Как это случилось? И почему? Я не могу точно ответить на эти вопросы, хотя могу дать частичный ответ на первый вопрос. Все случилось из-за того, что к палатке Цестия Галла на взмыленной лошади прискакал гонец и закричал, что с тыла к войску приближаются большие силы сикариев, и что в любой момент может последовать атака. На кто послал этого гонца? Не знаю. И никто не знает. Возможно, это была проделка Элеазара, который был достаточно хитер для такого трюка. Но как мог Цестий Галл попасть на такую уловку? Почему он, как разумный командующий, не отправил эскадрон кавалерии выяснить, верно ли сообщение? Цестий Галл без сомнения сделал бы это, ведь хотя он и был ленивым и робким, глупцом он не был. Однако в этот день ему было очень плохо, так как накануне вечером он объелся молюсками, специально привезенными с побережья, ведь он был ужасным обжорой и не позволял, чтобы война мешала ему насладиться явствами. Однако молюски слишком долго находились под жарким солнцем Иудеи и подверглись участи общей для всех молюсков в подобных условиях. И правда, когда его рвало с одного конца, и опорожнивало с другого, правитель Сирии дошел до того, что уже не считал смерть ужасным концом, а думал о ней как о желанном освобождении. И как раз в это время, когда животный дух Галла полностью рухнул, а его жизненные силы были сбиты с толку вредным влиянием молюсков, появился гонец с вестями о приближении сикариев. Эта информация довершила путаницу в его мыслях, и будучи вообще нервным по природе и имея уже опыт яростных и неожиданных атак сикариев, он впал в панику и приказал отступить от стен Храма без всякой на то причины.

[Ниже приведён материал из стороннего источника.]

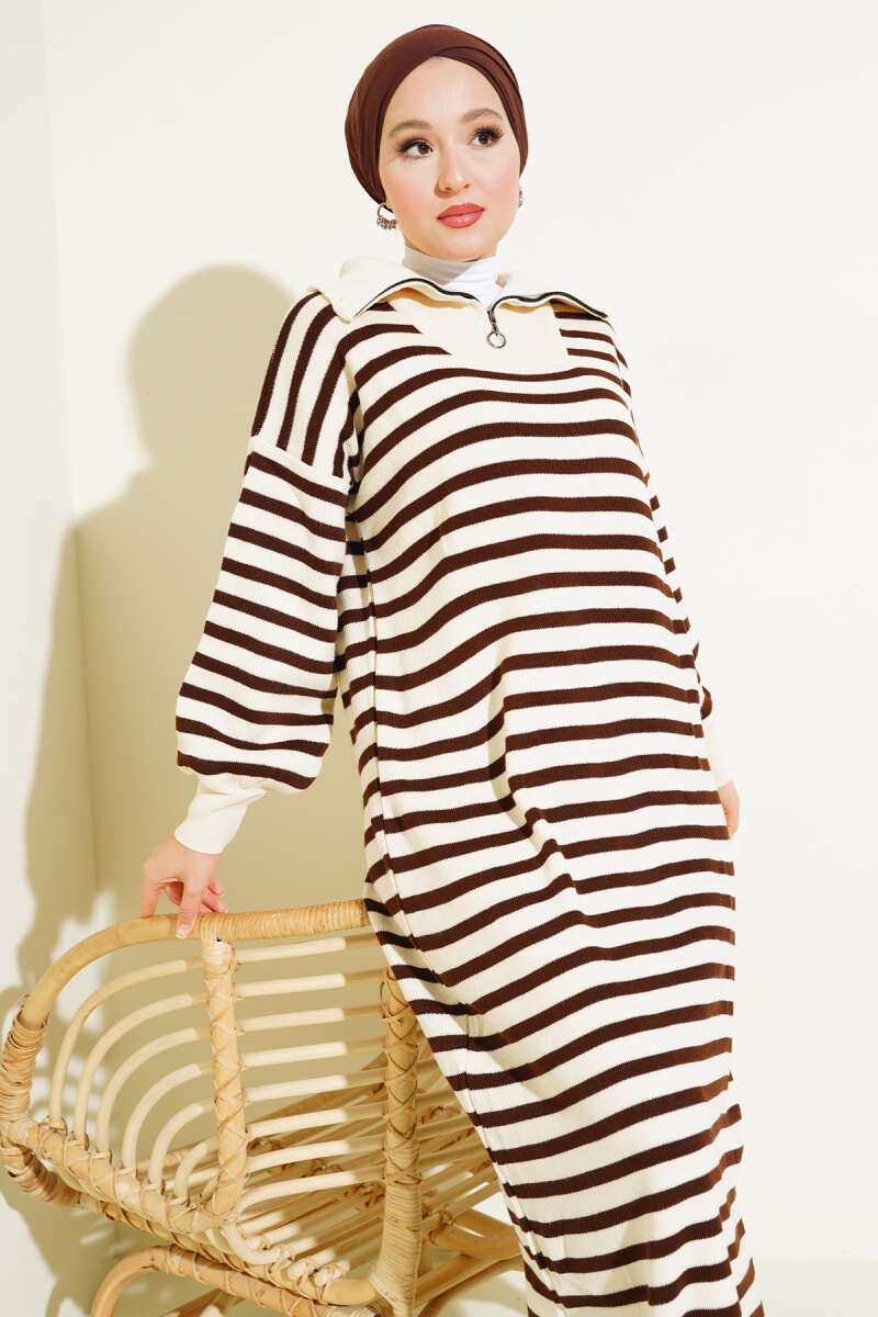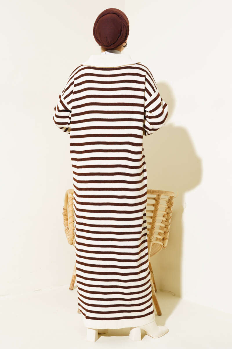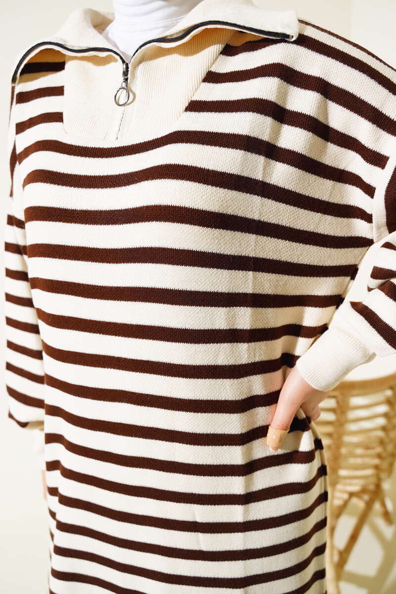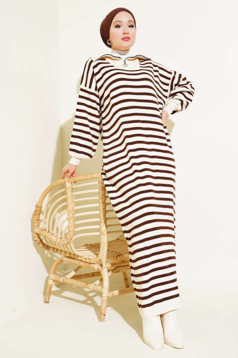 Çizgili Yarım Fermuarlı Triko Elbise Taş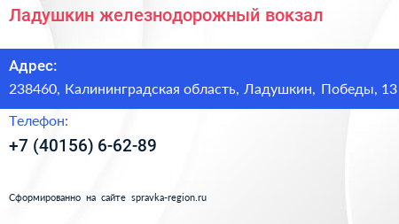 Ладушкин, железнодорожный вокзал по адресу 238460, Калининградская область, Ладушкин, Победы, 13 в дальнейшем Организация, размещена в следующих категориях: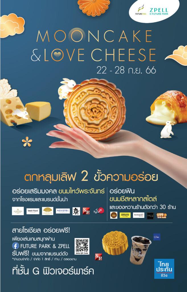 “Mooncake&LoveCheese” จัดขึ้นเพื่อเอาใจสายขนมหวาน รวมเฉลิมฉลองเทศกาลไหว้พระจันทร์ไปด้วยกัน มาที่เดียวได้ครบทุกรสหลากหลายแบรนด์จากร้านดัง แต่ละแบรนด์นอกจากรสชาติขนมไหว้พระจันทร์จะมีเอกลักษณ์อร่อยเฉพาะตัวแล้ว ยังดีไซน์กล่องใส่ขนม ทั้งสวยหรู และเก๋ไก๋น่าเก็บสะสม อาทิร้านดัง โรงแรมดุสิตธานี ขนมไหว้พระจันทร์แสนอร่อย ที่รังสรรค์อย่างประณีต ด้วยความตั้งใจในทุกขั้นตอน จนได้ขนมไหว้พระจันทร์ที่ลงตัวด้วยรสชาติและเอกลักลักษณ์เฉพาะที่ไม่เหมือนใคร โรงแรมโนโวเทล “ขนมไหว้พระจันทร์ คอลเลกชั่น 2023” ที่ทางโรงแรมคัดสรรเลือกวัตถุดิบอย่างดี รังสรรค์อย่างประณีตทุกขั้นตอนและเปี่ยมล้นไปด้วยความหมายอันเป็นสิริมงคล จากตัวไส้ขนมและบรรจุภัณฑ์ที่สื่อถึงสิริมงคล ให้คุณได้ส่งความปรารถนาดีผ่านขนมไหว้พระจันทร์ โรงแรมแมนดาริน โอเรียนเต็ล นำเสนอรสชาติพิเศษประจำปี นอกเหนือจากความอร่อยของไส้คลาสสิกตลอดกาลอย่าง ไส้คัสตาร์ด ไส้ลูกบัวรสเค็มและไข่แดง ไส้ทุเรียนและไข่แดง สำหรับรสชาติใหม่! ประจำปีนี้คือ ไส้น้ำผึ้งลูกหม่อนออร์แกนิก ซึ่งใช้น้ำผึ้งลูกหม่อนออร์แกนิกจากฟาร์มในจังหวัดเพชรบูรณ์และชัยนาท เป็นต้น นอกจากนี้ยังได้ฟินไปกับขนมชีสหลากสไตล์ กับร้าน HOKKAIDO BAKED CHEESE TART, เจปัง ทาโร่ชีส, PAUL, kodawari โค-ดา-วา-ริ เป็นต้น และของหวานร้านดังกว่า 30 ร้าน สายโซเชี่ยลอร่อยฟรี ! เพียงร่วมเล่นเกมผ่านเพจ Future Park & Zpell รับฟรี ขนมจากแบรนด์ดัง *จำนวนจำกัด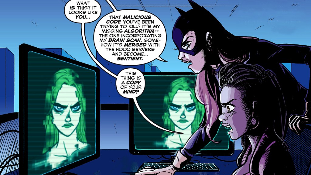 While Barbara Gordon’s Batgirl operated under her own principles and strategies, as a member of the Bat Family, she also made extensive use of the technology that Batman provided. Nowhere was this more evident than in the aftermath of the Joker’s attack on Barbara Gordon in Alan Moore’s The Killing Joke, which left her partially paralyzed and confined to a wheelchair. Unable to operate as she once did as Batgirl, she retired from being a frontline crime fighter. However, as detailed in John Ostrander, Kim Yale, and Luke McDonnell’s Suicide Squad #23 (1987), Barbara found a new space to continue the fight as the computer wizard and information specialist known as “Oracle.”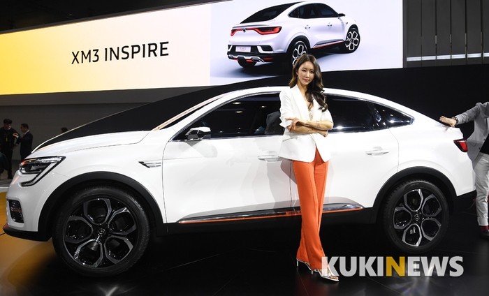 28일 오전 경기도 고양시 킨텍스에서 '2019 서울모터쇼' 프레스데이가 열렸다. 이날 르노삼성 부스에서 한 모델이 XM3 인스파이어와 포즈를 취하고 있다.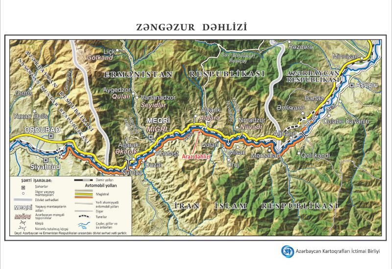 Общественное объединение "Картографы Азербайджана" подготовило карту Зангезурского коридора. Карта создана на основе космических снимков.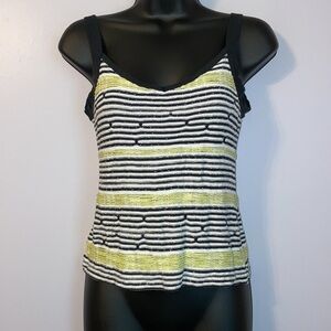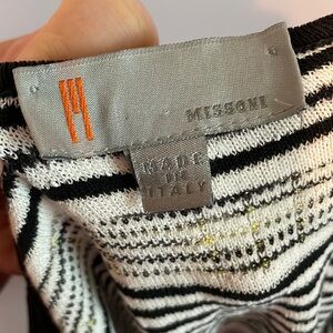 Missoni Knit Different Striped Yellow Black White Tank Top size 4. Stripes have different texture to them as well. See pictures. Very good preowned condition. Soft. Has stretch. 95% viscose. Great alone or under a jacket/blazer. Y2K label looks to be from early 2000’s.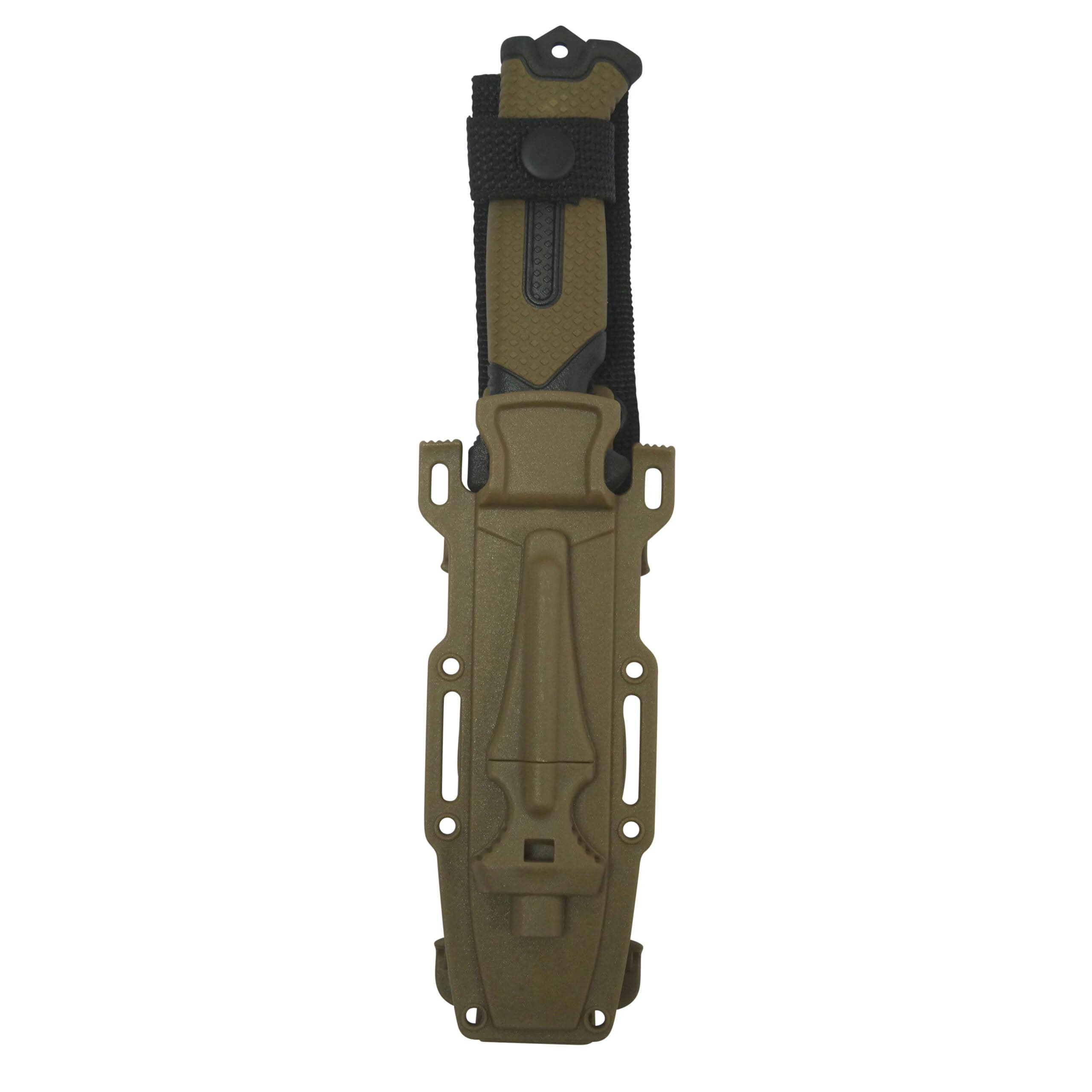 Coltello outdoor full tang con lama fissa e fodero in plastica con accendino di emergenza e fischietto integrati. Ulteriori informazioni

Ужасная ошибка! Это был тот период войны, когда между евреями и римлянами можно было бы установить почетный мир. Я мог бы осуществить свой план относительно Ревекки. Храм мог бы быть спасен, город сохранен. Горькая и смешная мысль! Получается, будто рок, управляет нашими судьбами, столь легкомыслен, что позволяет разрушить святой город, Храм и уничтожить почти миллион человек просто из-за блюда плохих малюсков! Возможно я упрощаю дело, потому что в разрушение Иерусалима было вовлечено нечто большее, чем вредное влияние молюсков на кишки Цестия Галла. Тем не менее, они стали важным звеном в цепи причин и следствий, ведь если бы они не довели Цестия Галла до такого состояния, он не запаниковал бы при ложном известии. А так как он неожиданно отступил, чему нельзя было дать никаких разумных объяснений, евреи естественно решили, что это было свидетельством Божьей воли, поразивших римлян ужасом, как он в прошлом поразил чумой ассирийцев под предводительством Синнахериба. Это мнение было столь сильным, что даже миролюбивые члены Синедриона были убеждены в этом.
Партия мира неожиданно оказалась полностью дискредитирована, а об Элеазаре и его воинской шайке стали думать как о Божьем орудии. От этого мирная партия не смогла оправиться, и вся власть с этого времени попала в руки сторонников войны.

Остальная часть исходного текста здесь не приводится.